On Sunday, police say, the 52-year-old fatally shot the teenage daughter and her cousin before turning the gun on himself in a West Side parking lot.
Deputy Ramon Martinez of the Bernalillo County Sheriff’s Office said the criminal case against Wallin “was developing” when the Mother’s Day shooting occurred, leaving Alexia Rael, 17, and Mario Salgado-Rosales, 16, dead in the parking lot of Party City near Cottonwood Mall.
He said the investigators on the case are “saddened by this tragic and senseless murder.”
Court records show Rael’s mother had filed for an order of protection against Wallin on April 4, alleging he threatened her daughter. Albuquerque police are investigating the murder-suicide and believe he targeted the teen for exposing his alleged crimes.
Police responded around 12:30 p.m. to the Party City when a 911 caller reported a man had shot himself in the parking lot. Arriving officers found all three dead.
Investigators said the cousins were buying party favors for a Mother’s Day event before the shooting, but could not say how Wallin found them there.

Martinez said Wallin, who listed himself as a bank manager on LinkedIn, first appeared on the agency’s radar a month earlier.
He said deputies responded on April 1 after the teen told her mother, who was in an “intimate relationship” with Wallin, that he had been sexually abusing her. Martinez said the alleged abuse stretched back over 10 years.

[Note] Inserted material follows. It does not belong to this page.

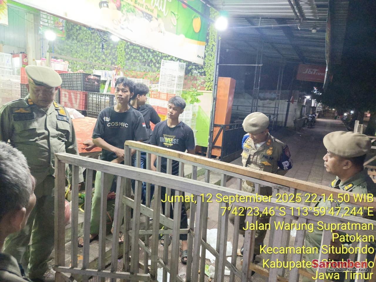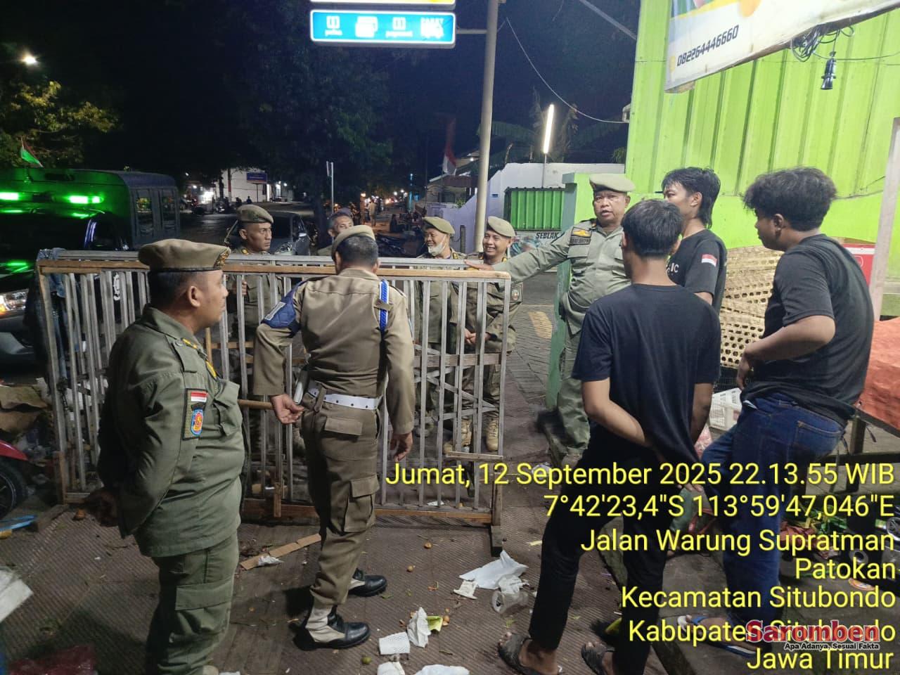 Situbondo, Satuan Polisi Pamong Praja (Satpol PP) Kabupaten Situbondo bergerak cepat menindaklanjuti pengaduan warga terkait keberadaan pedagang yang berjualan siang dan malam di trotoar Jalan WR Supratman.(12/9/2025)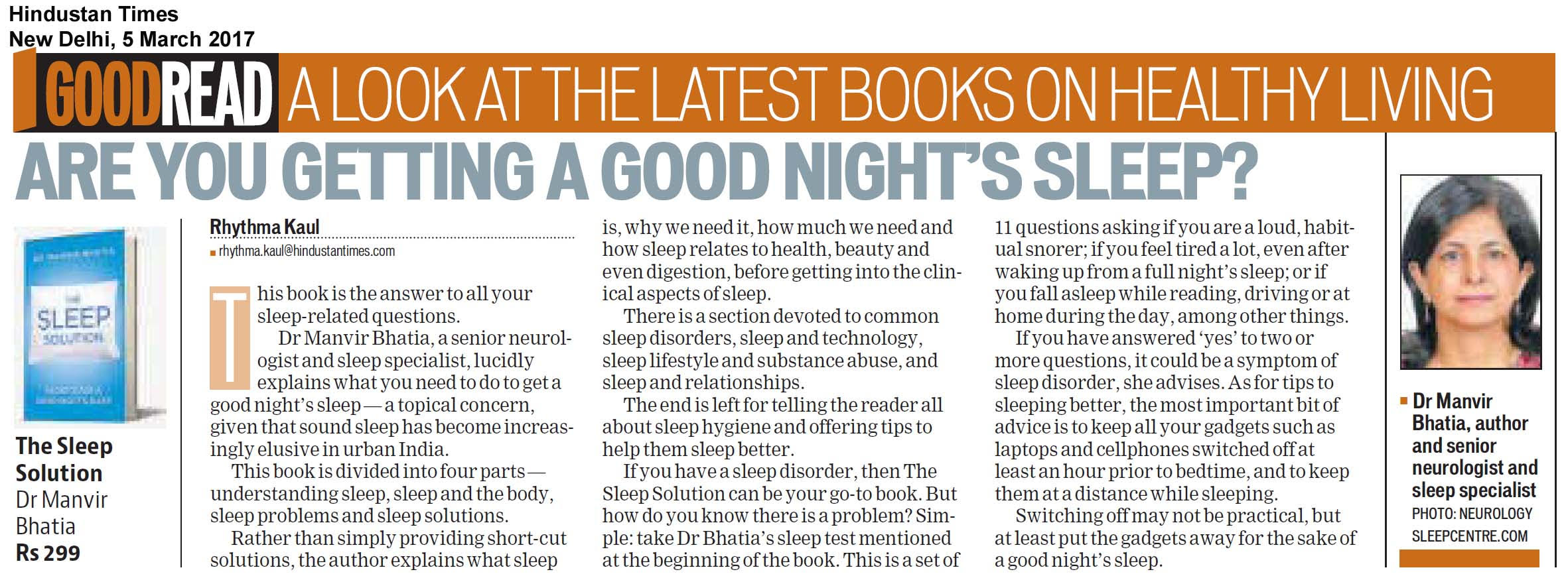 The Sleep Solution by Dr. Manvir Bhatia on 5th March 2017, Delhi in Hindustan Times

He said BCSO helped the pair get an emergency protection order against Wallin, “which remained in place pending the criminal investigation.”
“The early stages of this investigation included an attempt to locate surveillance footage of the suspect, interviewing witnesses and identifying additional victims,” Martinez said.
He said deputies found a second victim who “disclosed similar abuse as a minor” and a third victim who agreed to speak with deputies, but then never “came forward to meet.”
Martinez said deputies interviewed Rael and a medical exam was scheduled, but had not been completed when they were alerted to the murder-suicide.
He said BCSO’s Special Victims Unit was rocked by the deaths.
“These detectives work tirelessly to bring justice to the most vulnerable,” he said. “This horrific act weighs heavy on the hearts of our detectives and deputies.”